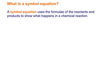 A symbol equation uses chemical formulas to represent reactants and products in a chemical reaction. It must be balanced to show the correct ratio between reactants and products undergoing the reaction. For example, the symbol equation given shows that one atom of sulfur reacting with one molecule of oxygen produces one molecule of sulfur dioxide.
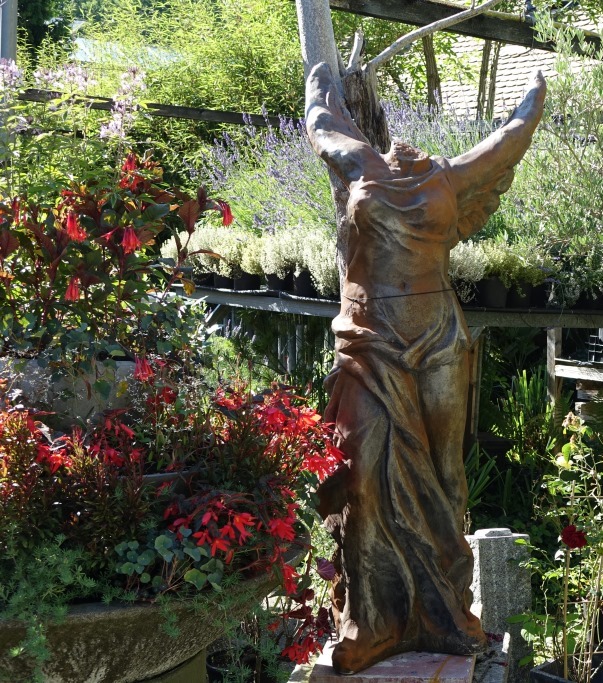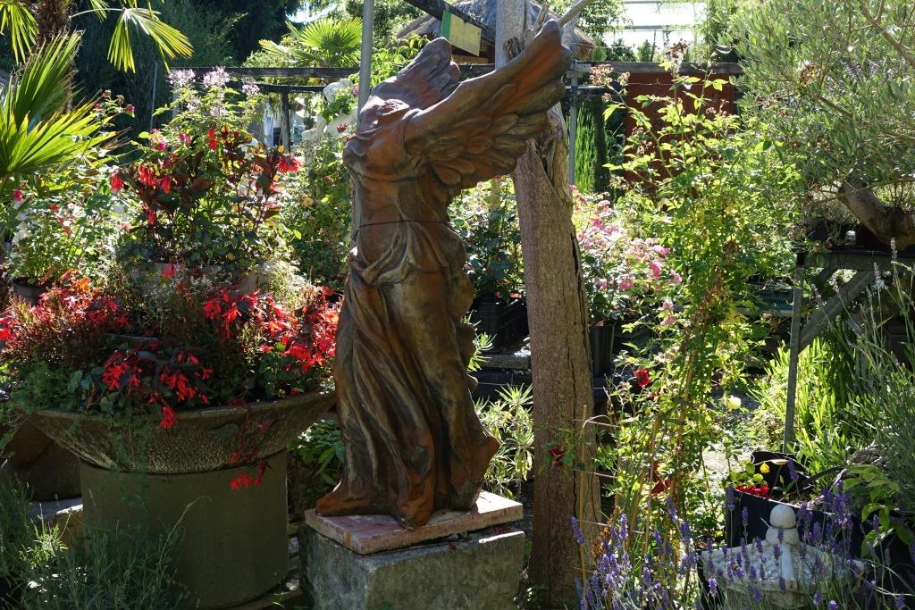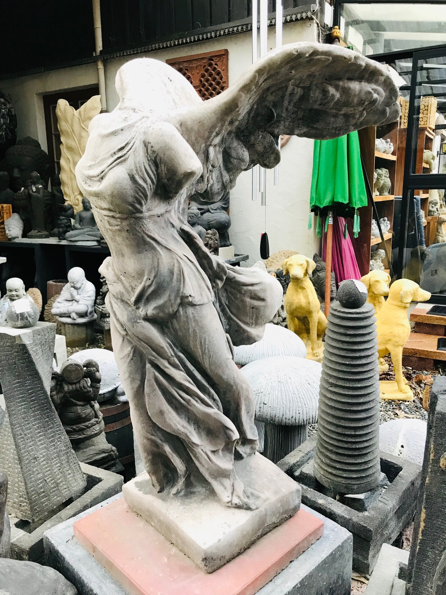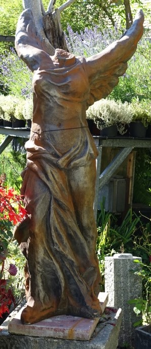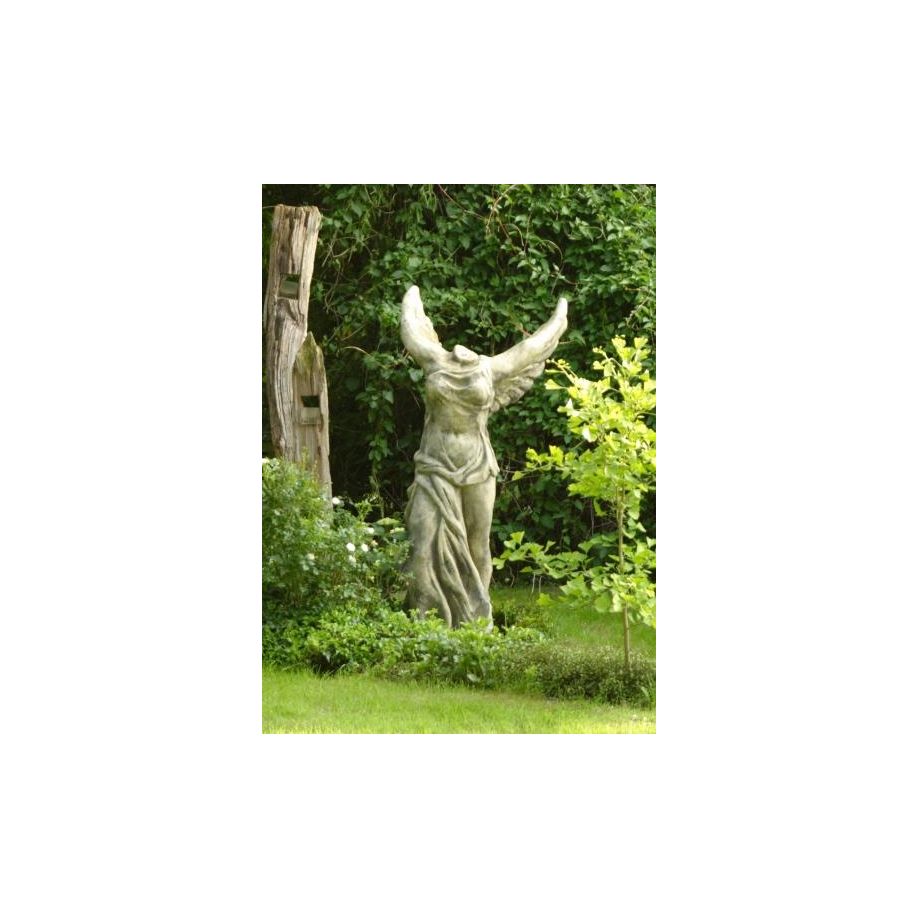 Diese Steinfigur ist eine Nachbildung der berühmten griechischen Siegesgöttin Nike. Sie wurde stehts dort plaziert wo Sieg und Erfolg errungen war und strahlte mit ihrer Engelsgestalt über das eroberte Gebiet. Mit welcher Feinheit hier gearbeitet wurde sieht man an ihrem Gewand. Die fließende Leichtigkeit eines Stoffes in Stein zu meißeln ist eine besondere Herrausforderung und spiegelt die Vollkommenheit der damaligen Handwerkskunst wieder. Ihre erhobenen Flügel und der nach vorne schreitende Schritt verkünden Macht und Selbstsicherheit. Sie ist eine wundervolle Steinfigur, denn durch die Unvollkommenheit ihers fehlenden Kopfes und der Arme bildet sie ein authentisches Abbild ihres Originals und bringt somit den kunstvollen Flair der griechisch-römischen Antike mit in Ihren Garten!
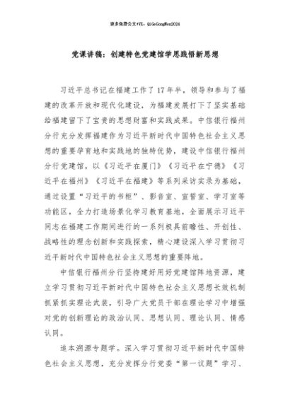 / 【七哥公文】2024年:党课讲稿:创建特色党建馆学思践悟新思想+更多免费公文+VX:QiGeGongWen2024
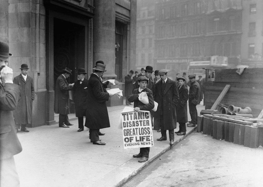 Алдарт Титаник хөлгийн сүйрлийн мэдээг нийтэлсэн сонинг зарж буй сонингийн худалдаачин хүү, 1912 оны дөрөвдүгээр сарын 16
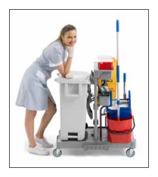 Как правило, для удобства все оборудование и материалы складируются на специальную тележку, для возможности легкой транспортировки всего арсенала к месту выполнения уборки. Надо отметить, что такой способ организации в значительной степени сокращает время выполнения уборки и физическую нагрузку на линейный персонал.
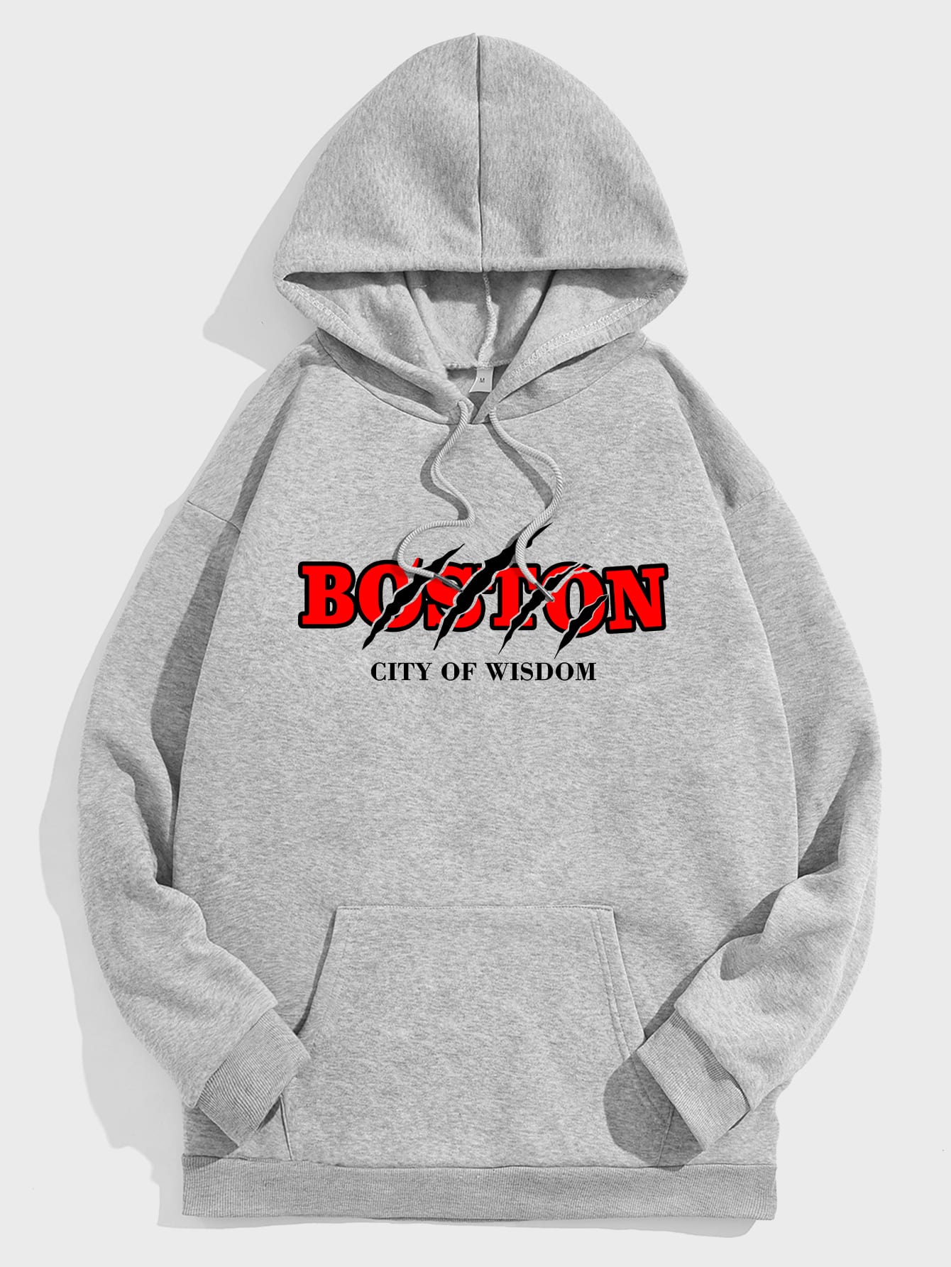 Ragazzi Felpa con cappuccio con grafica lettera con coulisse foderato termico
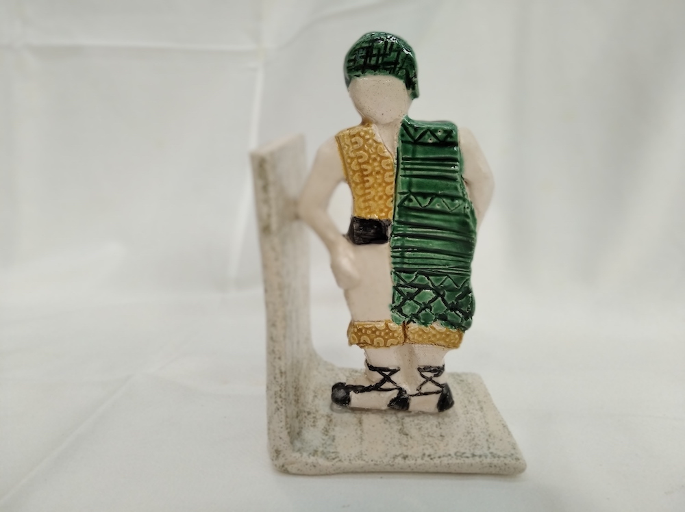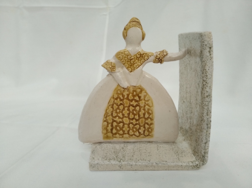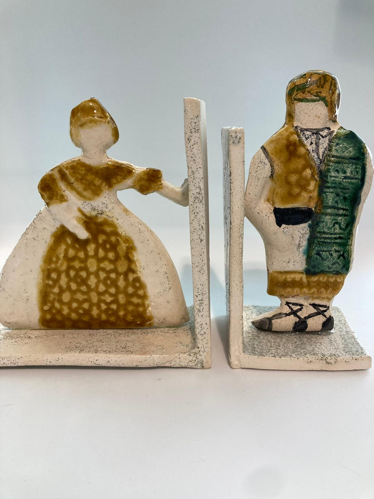 Sujetalibros de cerámica esmaltado con fallera y fallero.
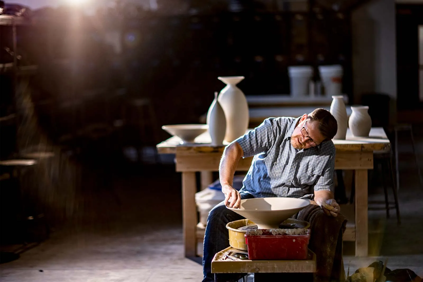School of the Arts faculty member Brian Jensen, Professor - Art/Visual Sculpture, works at at a wheel in the ceramics studio located in the Gunter Trades Building. The imagery was created for the cover of the Discovery Magazine distributed to the region households as a course catalog for the Continuing Education program.
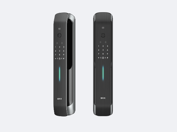 這是一款推拉式生物識(shí)別觸摸屏智能鎖。
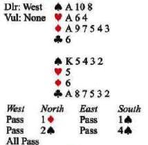 Afortunadamente, este Norte era miembro del club: «apoye a su compañero cada vez que sea posible». Le gustaron lo suficiente sus espadas, como apoyarlo con 2. Esto le hizo las cosas mas faciles. Habiendo ubicado un fit, UD reevaluo su mano tan distribucional y sin perder el tiempo salto a 4.
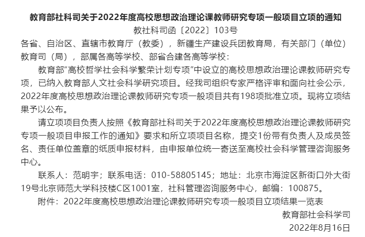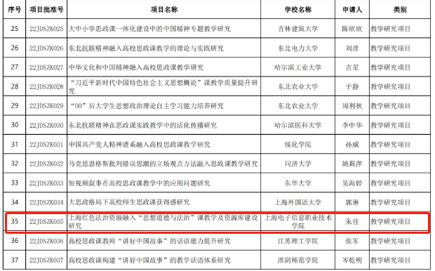 /span>/span>/strong>/p> 8月16日,教育部社会科学司发布《2022年度高校思想政治理论课教师研究专项一般项目立项的通知》。我校马克思主义学院朱佳老师的《上海红色法治资源融入“思想道德与法治”课教学及资源库建设研究》获批教学研究项目/span>,/span>资助金额/span>10万元/span>/span>。这标志着我校思想政治理论课教学改革和科研创新取得了新成效。/span> /span>/span>/p> /span>/span>/p> 近年来,我校思政学科科研水平稳步提升。这是马克思主义学院第三次获批教育部立项课题,也是朱佳老师第二次获得同类立项课题,同时也是我校上海红色文化传承研究中心成立以来成功申报的第一个省部级课题。马克思主义学院将以此为契机,支持和鼓励更多教师申报高级别课题,努力培养一支教学水平高、科研能力强的优秀教师队伍,多出高水平的科研成果,提升我校/span>“大思政课”建设成效,助力学校申本工作稳步推进。(供稿单位:马克思主义学院)/span>/span> /span>/span>/strong>/strong>
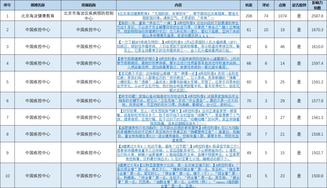 @北京海淀健康教育 发布的文章《“无烟的家,有爱的年”,春节期间应远离烟草,营造无烟家庭环境》以2587.8的影响力指数位居榜首。@中国疾控中心 发布的文章占据19个位置,其中,文章《新的一年,重新“养自己”一遍!》以1670.3的影响力指数位居第二。
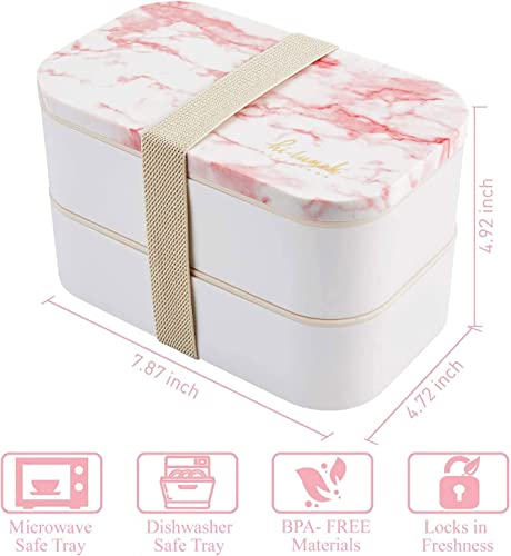 Thousanday Bento Lunch Box | Ermetico Scatola Bento con 2 Strati Separati | Microonde e Lavastoviglie | 1.6 Litri(Rosa)
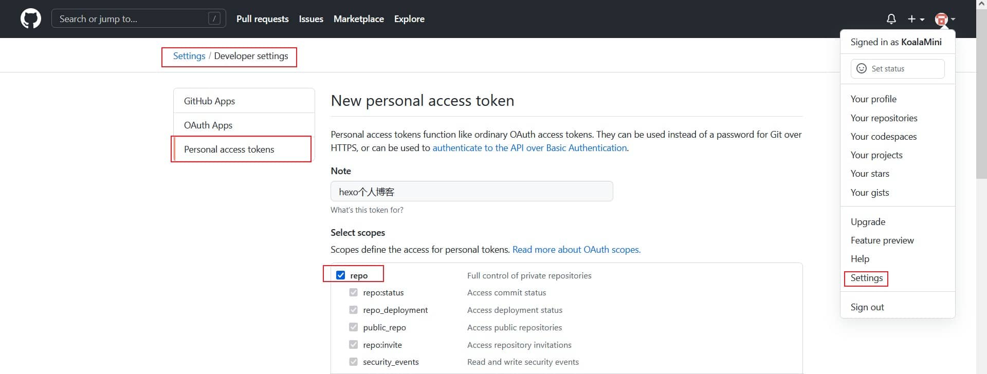 hexo deploy部署到 github 仓库,缩写为hexo d - 浏览器打开博客网址,例如:https://koalamini.github.io/
━━━
TASK ITEM. Quote the data above exactly from the line with "Sujetalibros de cerámica" to the line with "Afortunadamente, este Norte", both ends counted, and nothing else. Pictures don't go in.

FINISHED TASK.
 Sujetalibros de cerámica esmaltado con fallera y fallero.
School of the Arts faculty member Brian Jensen, Professor - Art/Visual Sculpture, works at at a wheel in the ceramics studio located in the Gunter Trades Building. The imagery was created for the cover of the Discovery Magazine distributed to the region households as a course catalog for the Continuing Education program.
 這是一款推拉式生物識(shí)別觸摸屏智能鎖。
 Afortunadamente, este Norte era miembro del club: «apoye a su compañero cada vez que sea posible». Le gustaron lo suficiente sus espadas, como apoyarlo con 2. Esto le hizo las cosas mas faciles. Habiendo ubicado un fit, UD reevaluo su mano tan distribucional y sin perder el tiempo salto a 4.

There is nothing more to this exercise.